I vote Pearl. Then you'd have more variety in colors.


----------



## k stiles (Aug 29, 2009)

the thing is that it's whatever you want. If you want a marble like pearl with merlin go for it! If you want the fry to be dark, go with the other female (I went with her with the flip of a coin tails 2/3)!
the thing is It is what you want Vikki!


----------



## andakin (Aug 10, 2009)

that fish looks exactly like my black orchid female. i vote for her because of the nice finnage.


----------



## nochoramet (Oct 2, 2009)

I vote Pearl!


----------



## iheartmyfishies (Sep 14, 2009)

That female has AMAZING rays! I love her.


----------



## MrVampire181 (May 12, 2009)

Is that black one his daughter? If it is I'd go with her.


----------



## andakin (Aug 10, 2009)

definitely go for the black. comparing that fish with mine side by side, yours has better finnage. with better photography skills, yours would definitely look better.


----------



## dramaqueen (Jul 7, 2008)

Wow! They do look similar, except Vikki's looks to me like she has a hint of green but it could just be the lighting. Both are very pretty!!


----------



## Jupiter (Aug 30, 2009)

I loooove that dark female. I think their fry would look amazing. Good luck!


----------



## CodeRed (Jun 11, 2009)

I REALLY like the look of the other female. I think her and Merlin would match wonderfully, and if you keep on breeding their babies, you could probably have a gorgeous line popping up.


----------



## AngelicScars (May 5, 2009)

Ohhh that other female and Merlin would make some pretty babies!!


----------



## Vikki81207 (May 27, 2009)

MrVampire181 said:


> Is that black one his daughter? If it is I'd go with her.
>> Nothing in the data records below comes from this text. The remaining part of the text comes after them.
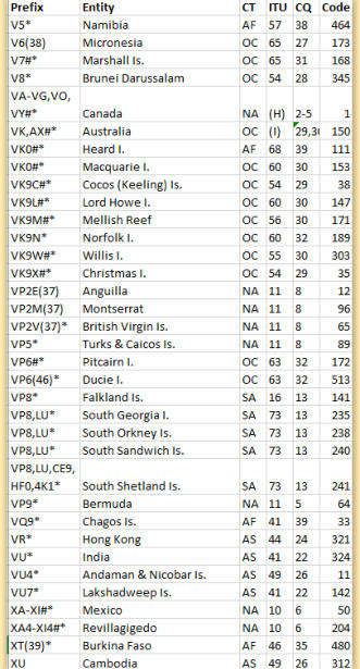 Current Entities This is a list of all 340 Current DXCC entities on the ARRL DXCC Entities List. The ARRL DXCC List publication is available from the ARRL Publication Department for $5.95 plus shipping. To order this publication please visit the ARRL Store. The ARRL DXCC List is also available from our Publication Sales Department for $5.95 each plus shipping. In addition to the List, the paper copy includes: the DXCC rules, DXCC Award Application, ARRL DXCC Card Checkers, Incoming and Outgoing QSL Bureau information and more. Effective April 2, 2012 DXCC card checkers can check all current and deleted entities on the DXCC list. Also, only approved DXCC card checkers can check 160 Meters. For the list of approved 160 Meter card checkers (noted in Red) visit: http://www.arrl.org/dxcc-card-checker-master-list Notes: * Indicates current list of entities for which QSLs may be forwarded by the ARRL membership Outgoing QSL Service. # Indicates entities with which US Amateurs may legally handle third-party message traffic. The last change of the Current DXCC List was made in January 2018. Then, because of an amendment in the DXCC List Criteria, the Entity of Kosovo, with Prefix Z6 was added. NOTES: 37 (VP2) DXCC credit for contacts made May 31, 1958, and before, see page 97, June 1958 QST 38 (V6) Includes Yap Islands January 1, 1981, and after. 39 (XT) Only contacts made August 16, 1960, and after, count for this entity. 40 (YB) Only contacts made May 1, 1963, and after, count for this entity. 41 (Z3) Only contacts made September 8, 1991, and after, count for this entity. 42 (ZC4) Only contacts made August 16, 1960, and after, count for this entity. 46 (VP6) Only contacts made November 16, 2001, and after, count for this entity. 54 (Z8) Only contacts made July 14, 2011, or after, count for this entity. 55 (Z6) Only contacts made January 21, 2018, or after, count for this entity.
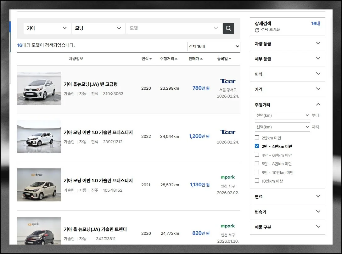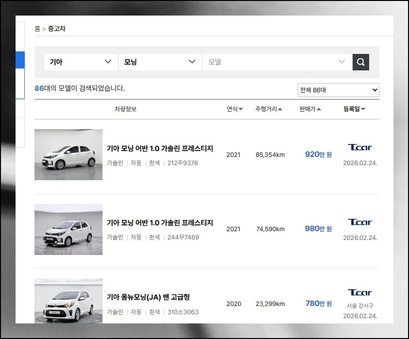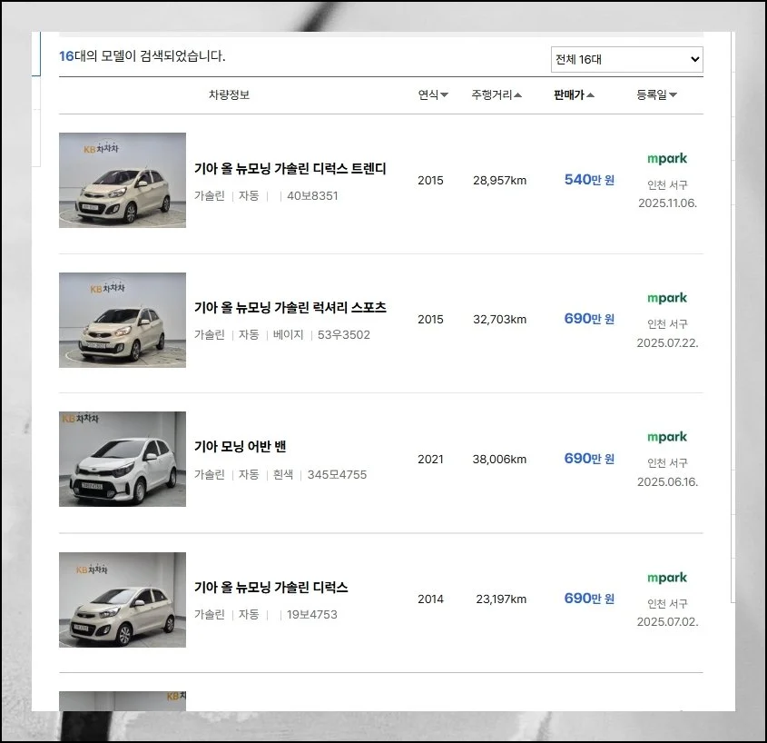 기아 모닝을 예시로 검색해 봤습니다. 제원과 출고 연도, 가격, 누적 운행 거리, 이미지가 목록으로 나열돼요.
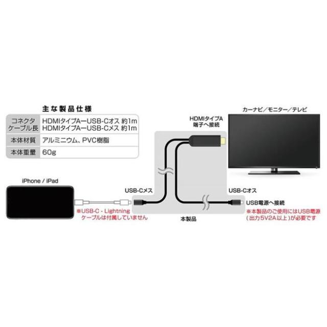 HDMI変換ケーブル iPhone iPad専用 USB-C中継 ミラーリング スマホ カーナビ テレビに映す 動画 写真 アプリ
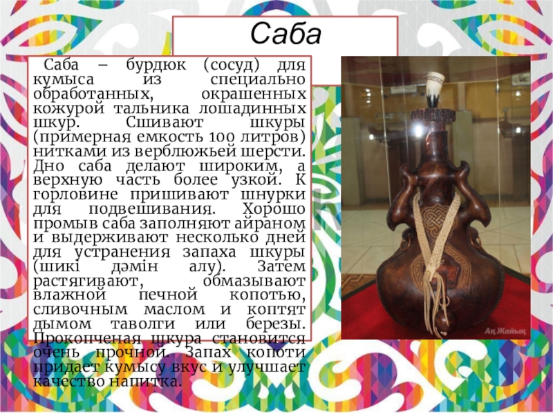 Саба – бурдюк (сосуд) для кумыса из специально обработанных, окрашенных кожурой

If you haven't read yet, all the Pearlins died.


----------



## Vikki81207 (May 27, 2009)

Okay so it all depends now on if this person decides to get into a bidding war with me. She is free shipping. I just don't want to pay more than $25 for her. So I bid for her, and we'll just have to see how it goes. If she goes higher, than it will be Pearl again.


----------



## k stiles (Aug 29, 2009)

well I see that you voted for the other female. cool, and remember it's your choice


----------



## AlexXx (Aug 23, 2009)

Vikki! go with the dark one, where the crap did u find her!! i want one like that SO bad.


----------



## dramaqueen (Jul 7, 2008)

Oh, you want one of every kind, AlexXx! lol


----------



## Vikki81207 (May 27, 2009)

Lol yes Alex if you could have every betta you would. lol
Like I said, I will breed the black female if I get her. She's on Aquabid http://www.aquabid.com/cgi-bin/auction/auction.cgi?fwbettasct&1257103448
But I don't want to pay more than $25. I'm doing some serious money hunting right now. I don't know how I'm going to come up with money.


----------



## dramaqueen (Jul 7, 2008)

I hope it works out for you. She's pretty!


----------